After years of hiding overseas, he returned to South Korea in 2005 and was promptly put under arrest. Kim was charged with accounting fraud of 41 trillion won, illegally borrowing 9.8 trillion won and smuggling $3.2 billion out of the country. He was later pardoned by then-President Lee Myung-bak in January 2008.
 
Since the pardon, Kim has been staying in Vietnam.

To this day, the former Daewoo chief owes the state an uncollected restitution of 17.9 trillion won. Of the total, Kim has only paid 88.7 billion won, less than 0.5 percent.

The sources said during a stay in Seoul, Kim may announce his stance over his unpaid fines and alleged hidden assets held by his family.

Early this year, an online news outlet claimed that a son of the Daewoo Group founder has been found to be the owner of a luxury golf course in Vietnam, accusing the disgraced businessman of siphoning off funds instead of paying the restitutions he owes the state.

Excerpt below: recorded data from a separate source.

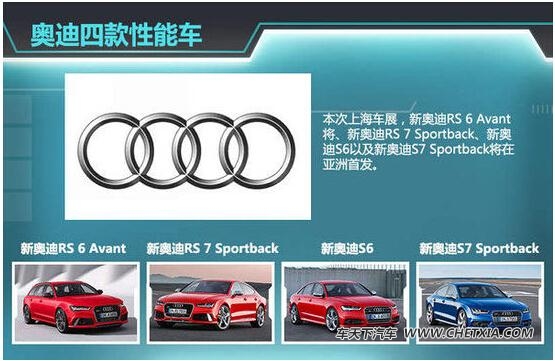 在本届上海车展上,奥迪还将发布新RS 6 Avant、新RS 7 Sportback、新S6和新S7 Sportback等四款性能产品。从而通过多级别性能产品的引入,为喜欢驾控感受的中国消费者提供更多选择。
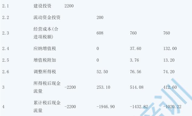 2.若該項目的建設(shè)投資為 2200 萬元(包含可抵扣進項稅 200 萬元),建設(shè)投資在建設(shè)期均衡投入。
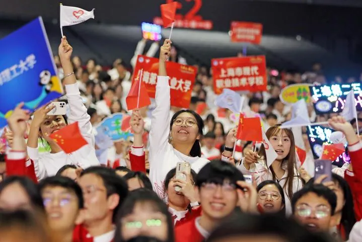 چین ، مشرقی شہر شنگھائی میں منعقدہ چھٹی چائنہ بین الاقوامی درآمدی نمائش کے رضاکاروں کی تقریب حلف برداری کا ایک منظر ۔ (شِنہوا)
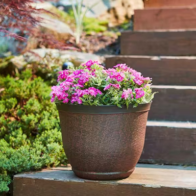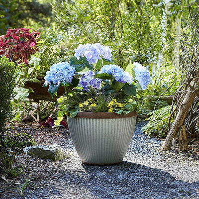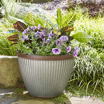 Maceta de diseño rústico con acabado galvanizado envejecido. Fabricada en plástico resistente, es ligera y duradera, ideal para decorar espacios exteriores.
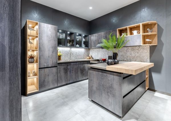 这家金牌橱柜在居然之家重庆金源店也是有10多年历史的“老店”了,但老店风格常新,金牌的新款都是第一时间在这个店上样。比如金牌橱柜红出圈的工业风的“阿玛尼7S”。
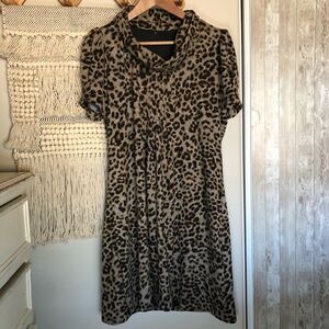 Eliza J Leopard Cowl Neck Puff Sleeve Dress. Fits like a large, size tag gown. See measurements below. Excellent condition. Lined. Cute pleats on chest.
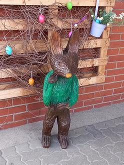 Einen einzigartigen Osterhasen, der von Reinhard Bauerfeld mit der Kettensäge gestaltet wurde. Die Kinder durften in der Werkstatt einen spannenden Blick hinter die Kulissen werfen und waren begeistert von den vielen beeindruckenden Holzfiguren.
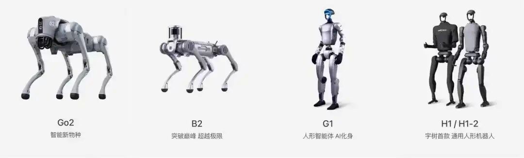 Go2、B2四足机器人 G1、H1等人形或类人形机型

Kim’s expected moves come after the family of disgraced former South Korean President Chun Doo-hwan pledged last week to pay off a huge amount of unpaid fines.

In 1997, South Korea’s top court convicted the former president of mutiny, treason and bribery, and ordered him to return to state coffers around 220 billion won he illegally received in bribes during his iron-fisted rule. Chun has yet to pay some 167.2 billion won he owes. Chun seized power through a coup in 1979 and ruled until 1988.

Two weeks earlier, another ex-president, Roh Tae-woo, paid off the remainder of his unpaid fines amounting to 23 billion won. Roh was also convicted of the same charges as former president Chun in 1997.

Roh, who replaced Chun as president from 1988 to 1993, was ordered by South Korea’s top court to pay back 262.8 billion won that he was found to have illegally accumulated during his presidency.